The Karnataka municipal e-Governance implementation project is a significant departure from the traditional, erstwhile tried out approaches to municipal e-Governance implementations. Covering the 57 largest municipalities in Karnataka, the implementation covers the entire suite of municipal e-Governance applications developed by eGovernments Foundation, a non-profit organisation with focus on leveraging e-Governance for improving governance and service delivery in India. The first phase witnessed the launch of City Websites and a Public Grievance Tracking and Redressal system. In parallel, the Accounting Reforms process was launched, followed by the implementation of a Financial Management System. Other e-Governance applications that are being implemented in the current phase include a GIS-based Property Tax System and a Birth/Death Certificate Application.
Need for Accounting Reforms
The municipal governments have always been maintaining accounts in a cash-based system. The flaws in such a system are obvious– financial statements are not indicative of actual financial position and the true financial performance of the municipality cannot be assessed, resulting in ineffective financial planning. Some of the key drivers that led Karnataka in taking up the initiative to switch to accrual-based double-entry accounting system include information gaps in the cash based system and the promise that the switch would help generate more accurate picture of the financial position and make information readily available for effective financial management; as the pressure on the municipalities to become self-reliant grows, municipal governments will increasingly be forced to look to generate funds from alternative sources like the open financial markets (e.g. municipal bonds). This requires a certain degree of fiscal discipline and transparency that would be possible only by making the transition; and the Citizen’s Right to Information is expected to force the governments to maintain its records better and as the citizen participation in governance increases, the municipalities will be expected to provide an accurate picture of the financial position coupled with an ability to respond to increasingly sophisticated questions in a timely manner.

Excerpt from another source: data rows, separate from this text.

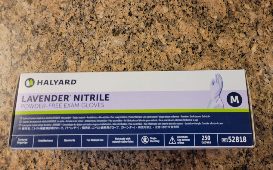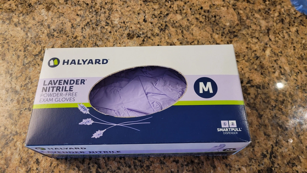 Halyard Lavender Nitrile powder-free exam gloves. Size: Medium Purchased during COVID, used two or three and no longer free. Comes from a smoke & pet free home.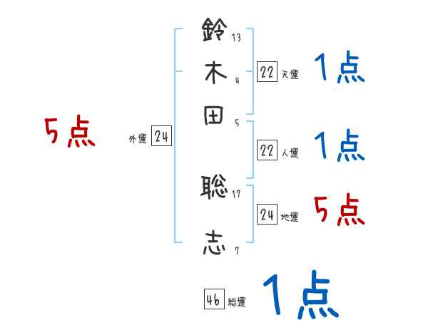 外運![]() | 鈴木田聡志さんの外運は24画の5つ星!家庭運が良く順調な人生。金運にも恵まれる。 生活面を象徴する運勢です。外部から受ける影響力を表し、結婚運、家庭運や職場、環境への順応性を表します。 |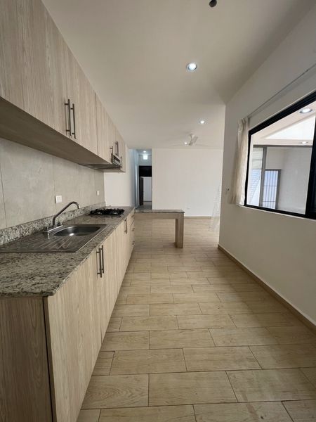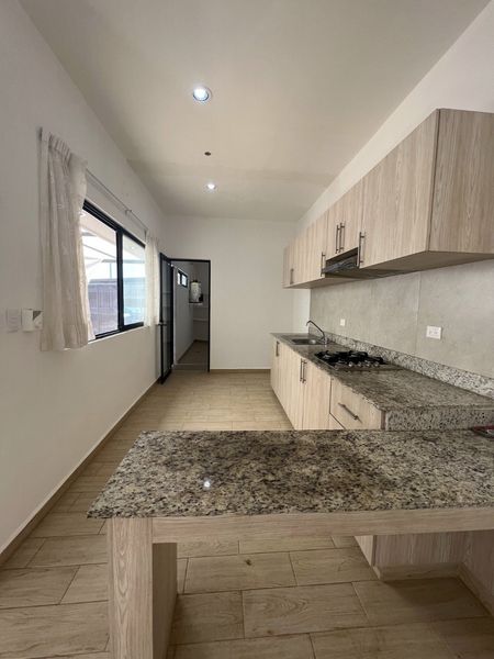 - Cocina integral de granito con parrilla de 4 quemadores, campana tipo filtro y doble tarja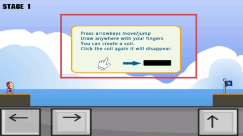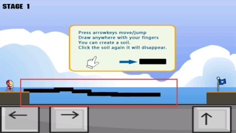 2.利用方向键来移动和跳跃,同时用手指画线来生成土壤,填补所有的缺口。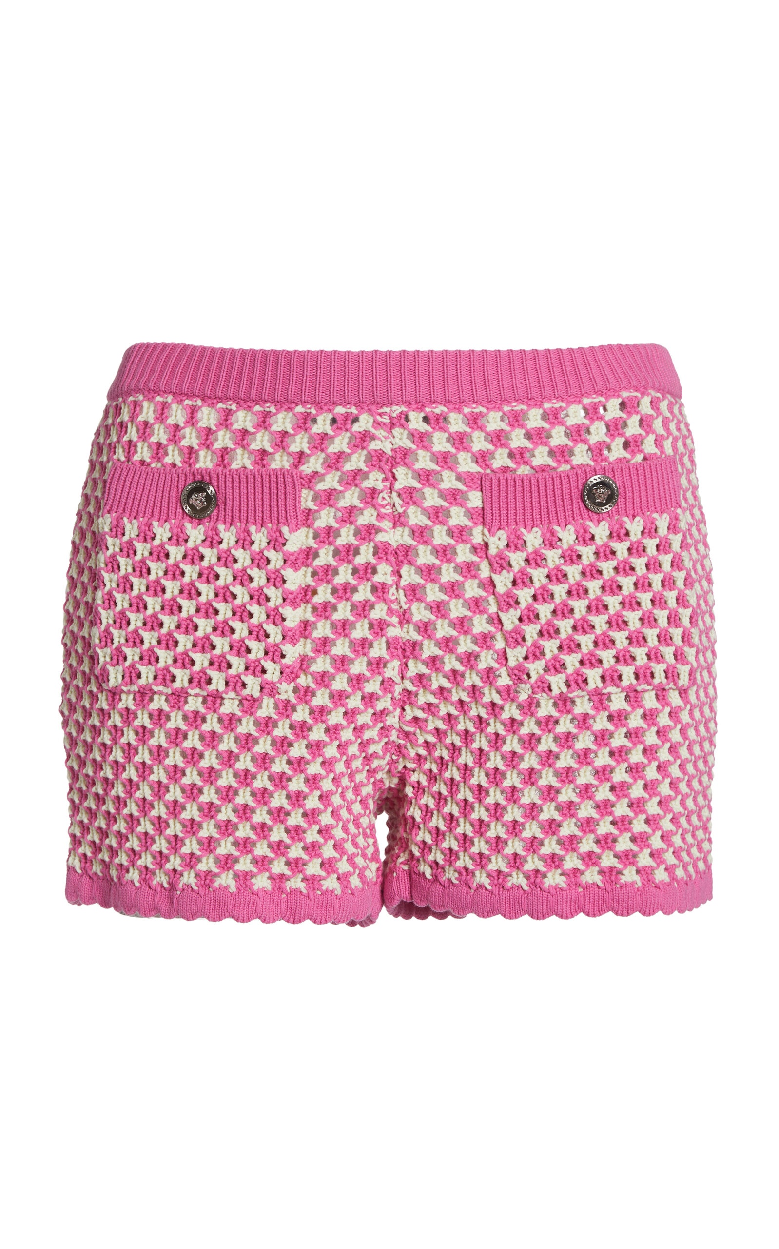 The Spring '25 collection makes joy its driving force in a free profusion of energy fueled by the savoir-faire at the heart of the House. These posh mini shorts have been hand-crocheted with a compact weave and trimmed with rib. PRODUCT DETAILS - Spring/Summer '25 - Pull on - Composition: 67% cotton, 32% polyamide, 1% elastane - Designer color: Eggshell/Guava - Dry clean only - Made in Italy SIZE & FIT - Designed for a slim fit
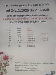 Oznamujeme občanům, že z důvodu poruchy svozového vozu budou popelnice z lokalit Farské I, Farské II, Dubina a Nesměřice svezeny v úterý 6. 1. 2025.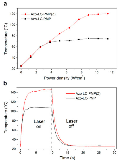 Interestingly, comparing the temperature trend (Figure 12) of Azo-LC-PMP(Z) with its speed (Figure 10B), the two quantities seem to be correlated. This shows that heat plays an important role in improving the performance of the doped PMP.

Several reform initiatives and policy directives over the last several years, with specific focus on the municipal governments, have set the stage for the transition. Some such drivers include ICAI — Technical Guide on ULB Accounting and Financial Reporting (1999); Recommendation of the 11th Finance Commission, 2001; Directive by the Supreme Court, 2001; Pre-requisite for funding under the Urban Reform Initiative Fund; Recommendation of the Task Force Report, 2002, of the C&AG (Comptroller & Auditor General); Release of the National Accounting Manual by the C&AG and the Ministry of Urban Development, Government of India, 2005; ICAI Committee for Local Body Accounting Standards, 2005; ICAI Exposure Draft, 2006; and Pre-requisite for funding under the National Urban Reform Mission, 2006.
Some of the key expectations from the new accounting system for ULBs include assisting all stakeholders in evaluating efficiency and effectiveness of financial performance; assisting stakeholders to assess the ULB’s financial position, including the level of financial sustainability; aid in making the ULB’s performance transparent and accountable to people; and developing a robust financial reporting system that would satisfy the requirements of the banking system/debt markets as the ULBs approach these channels for funds.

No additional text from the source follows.